[DATA FOR ANALYSIS]
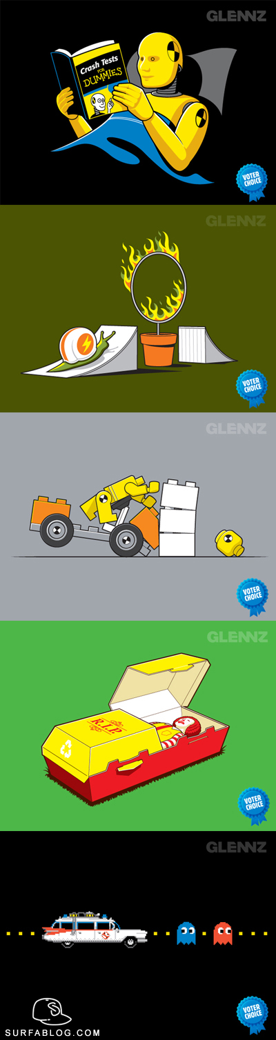 Nuovo post dedicato a Glenn Jones, un grafico geniale che realizza t-shirts. I nomi delle 5 immagini di oggi sono: "For Dummies", "Stunt Snail", "Crash Test", "Fast Funeral", "Called For Help".
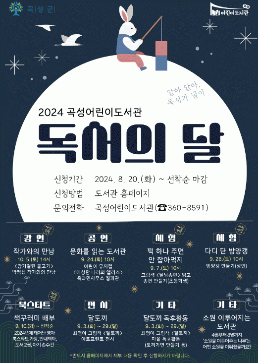 9¿ù 3ÀϺÎÅÍ 29ÀϱîÁö ÃÖ¿µ¾Æ ÀÛ°¡ÀÇ ±×¸²Ã¥ ¡®´ÞÅä³¢¡¯ÀÇ ¾ÆÆ®ÇÁ¸°Æ® Àü½Ã¿Í Åä³¢ °¡¸é ¸¸µé±â µî ÀÚÀ² µ¶ÈÄȰµ¿ÀÌ ÁøÇàµÇ°í, 9¿ù 7ÀÏ¿¡´Â ÃʵîÇлýÀ» ´ë»óÀ¸·Î ±×¸²Ã¥ ¡®´Þ´Ô¼ÛÆí¡¯À» ÀÐ°í ¼ÛÆí¸¸µé±â üÇèÇà»ç¸¦ ÁøÇàÇÑ´Ù.
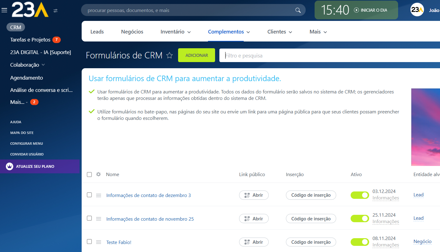Aproveite o suporte 23A Digital gratuito e completo sobre o Bitrix24. Nossa equipe está pronta para explorar todas as funcionalidades dessa ferramenta poderosa. Entre em contato e otimize sua gestão de tarefas agora mesmo!
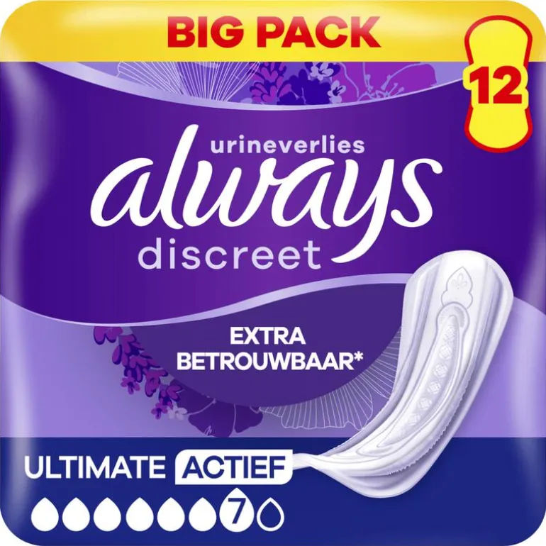 Ons meest absorberend verband in het assortiment, ideaal voor zorgeloze dagen. Always Discreet verband voor urineverlies Ultimate Actief biedt extra zekerheid. Ze zijn ontworpen om je extra bescherming en absorptie te bieden, zodat je je geen zorgen hoeft te maken over lekken. Hun structuur zorgt voor optimale bescherming dankzij hun ultradunne kern, zodat je niet hoeft te kiezen tussen comfort en bescherming. Always Discreet verband Ultimate Actief biedt optimale bescherming wanneer niezen of lachen urineverlies veroorzaakt.
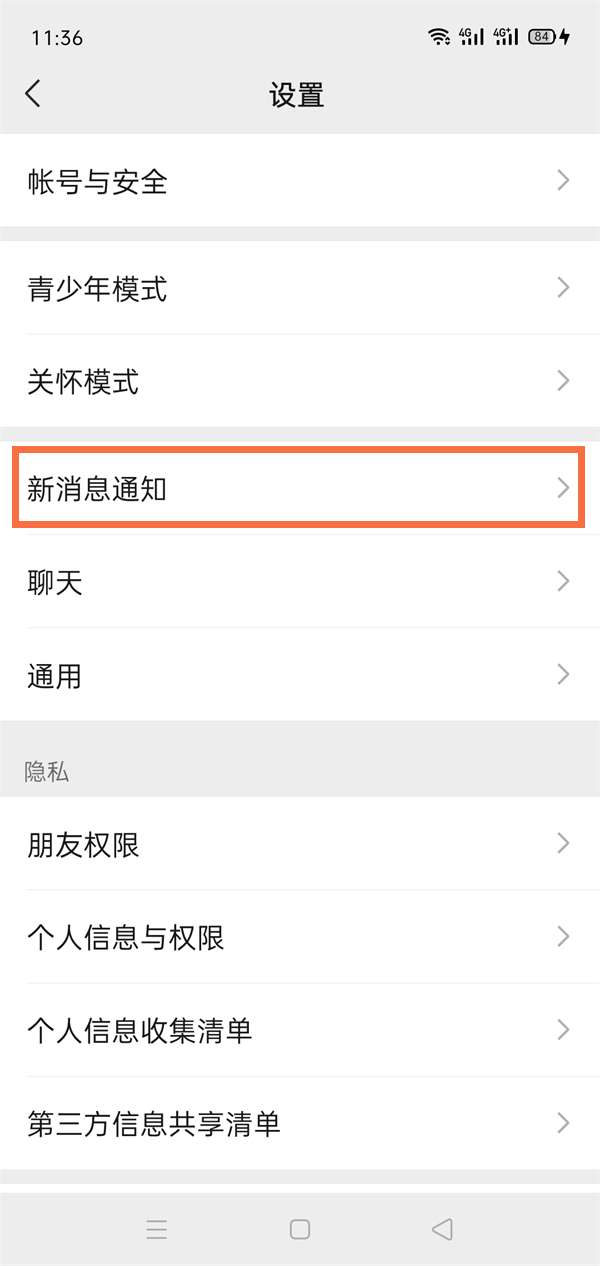 2、然后点击新消息通知。
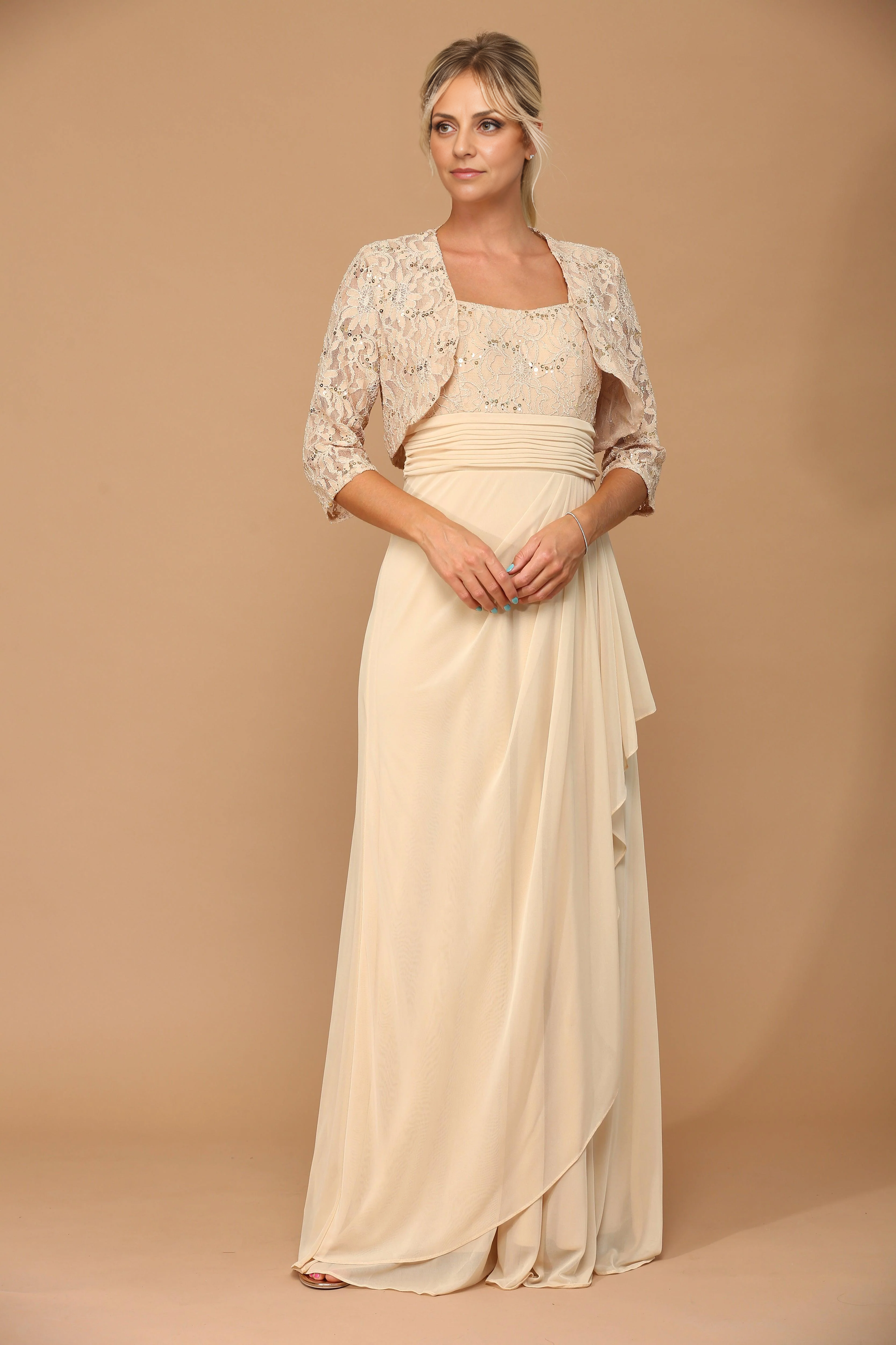 AABEI DRESS Formal Wear Dresse Elegant Two Piece Jacket 3/4 Sleeve Ruched Fashion Mother Of The Bride Dress
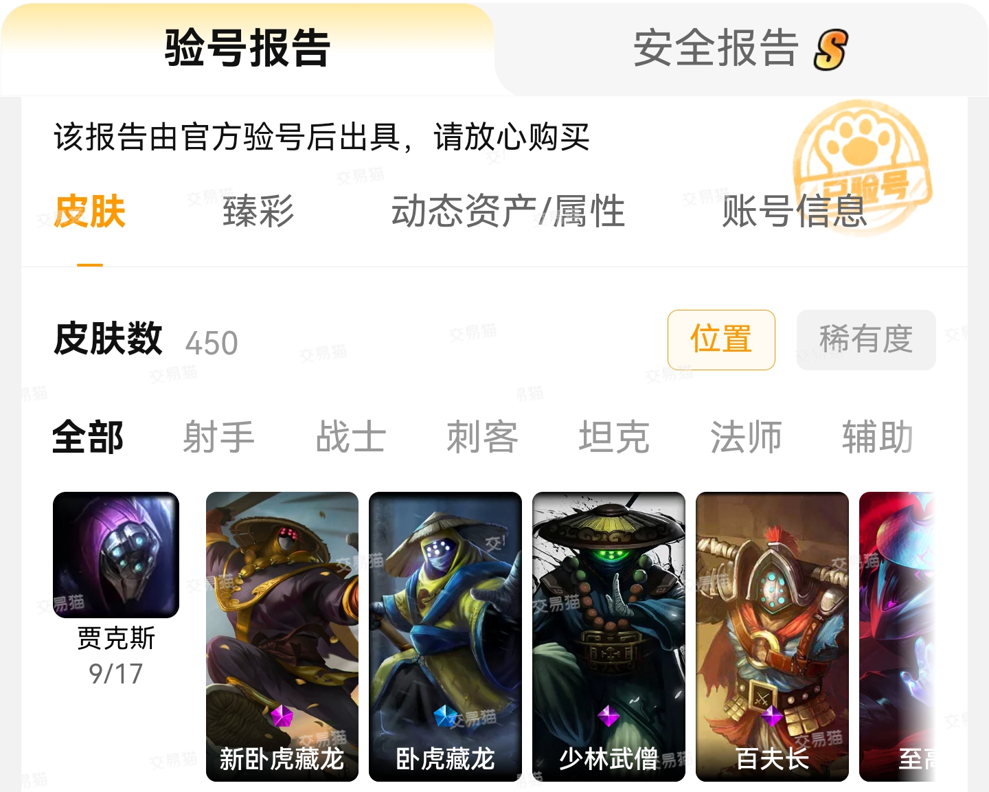 想要再进一步找到合适的账号,可以在众多的账号中关注下有没有【官方验号】这个标识的账号,这样的账号往往是经过了平台的验证,也就是说账号内的详情和卖家提供的一致。想要买号的玩家不也是看中了这些英雄和皮肤,自然要选择最符合自己要求的账号了。选定后就可以进行交易了,在交易猫上交易过程是全程由平台客服来辅助完成,不需要卖家的上线,这样能避免双方达成一致后私下交易的可能性,减低买家可能会遇到的交易风险。
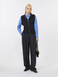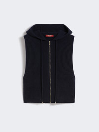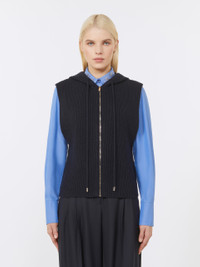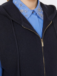 DETAILS Hooded gilet crafted from wool and cashmere yarn, featuring an all-over fisherman’s rib-knit pattern. Designed with a slim fit and refined metal detailing that enhances its functionality and style. Women's hooded gilet in wool and cashmere yarn Slim-fit silhouette Hood with adjustable drawstring Front fastening featuring metal zip with branded pull-tab Knitted drawstring with metal aglets Drawstring hem COMPOSITION AND CARE 80% wool, 20% cashmere. Hand wash cold (40°c max); do not bleach; do not tumble dry; flat drying in the shade; cool iron; professionally dry clean perchloroethylene - mild process; do not wet clean.; iron with a cloth between.; using neutral detergent. Distributed by Max Mara S.r.l., registered office in Reggio Emilia (Italy), Via Giulia Maramotti 4, 42124 (IT)
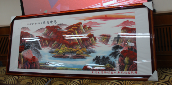 会上,85级全体校友为学院捐赠了“鸿运当头”书画作品,祝愿学院事业发展再创辉煌,并向参加座谈会的老师们呈送了纪念品。物理学院为每位返校校友赠送了精心准备的礼物。
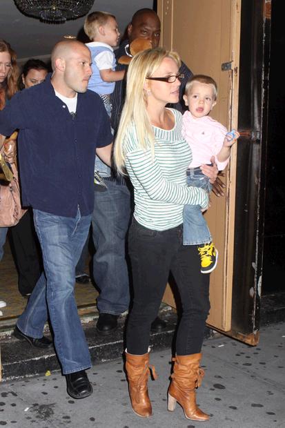 Бритни Спирс (Britney Spears) с детьми в Нью-Йорке, 27 августа 2009 года. На фото — с сыном Шоном Престоном на руках.
[/DATA FOR ANALYSIS]
__REQUIRED WORK__
If a line falls between the first line of the records above and the line containing "想要再进一步找到合适的账号,可以在众多的", inclusive, retype it exactly; leave pictures out.

__COMPLETED EXERCISE__
 Nuovo post dedicato a Glenn Jones, un grafico geniale che realizza t-shirts. I nomi delle 5 immagini di oggi sono: "For Dummies", "Stunt Snail", "Crash Test", "Fast Funeral", "Called For Help".
 9¿ù 3ÀϺÎÅÍ 29ÀϱîÁö ÃÖ¿µ¾Æ ÀÛ°¡ÀÇ ±×¸²Ã¥ ¡®´ÞÅä³¢¡¯ÀÇ ¾ÆÆ®ÇÁ¸°Æ® Àü½Ã¿Í Åä³¢ °¡¸é ¸¸µé±â µî ÀÚÀ² µ¶ÈÄȰµ¿ÀÌ ÁøÇàµÇ°í, 9¿ù 7ÀÏ¿¡´Â ÃʵîÇлýÀ» ´ë»óÀ¸·Î ±×¸²Ã¥ ¡®´Þ´Ô¼ÛÆí¡¯À» ÀÐ°í ¼ÛÆí¸¸µé±â üÇèÇà»ç¸¦ ÁøÇàÇÑ´Ù.
Aproveite o suporte 23A Digital gratuito e completo sobre o Bitrix24. Nossa equipe está pronta para explorar todas as funcionalidades dessa ferramenta poderosa. Entre em contato e otimize sua gestão de tarefas agora mesmo!
 Ons meest absorberend verband in het assortiment, ideaal voor zorgeloze dagen. Always Discreet verband voor urineverlies Ultimate Actief biedt extra zekerheid. Ze zijn ontworpen om je extra bescherming en absorptie te bieden, zodat je je geen zorgen hoeft te maken over lekken. Hun structuur zorgt voor optimale bescherming dankzij hun ultradunne kern, zodat je niet hoeft te kiezen tussen comfort en bescherming. Always Discreet verband Ultimate Actief biedt optimale bescherming wanneer niezen of lachen urineverlies veroorzaakt.
 2、然后点击新消息通知。
 AABEI DRESS Formal Wear Dresse Elegant Two Piece Jacket 3/4 Sleeve Ruched Fashion Mother Of The Bride Dress
 想要再进一步找到合适的账号,可以在众多的账号中关注下有没有【官方验号】这个标识的账号,这样的账号往往是经过了平台的验证,也就是说账号内的详情和卖家提供的一致。想要买号的玩家不也是看中了这些英雄和皮肤,自然要选择最符合自己要求的账号了。选定后就可以进行交易了,在交易猫上交易过程是全程由平台客服来辅助完成,不需要卖家的上线,这样能避免双方达成一致后私下交易的可能性,减低买家可能会遇到的交易风险。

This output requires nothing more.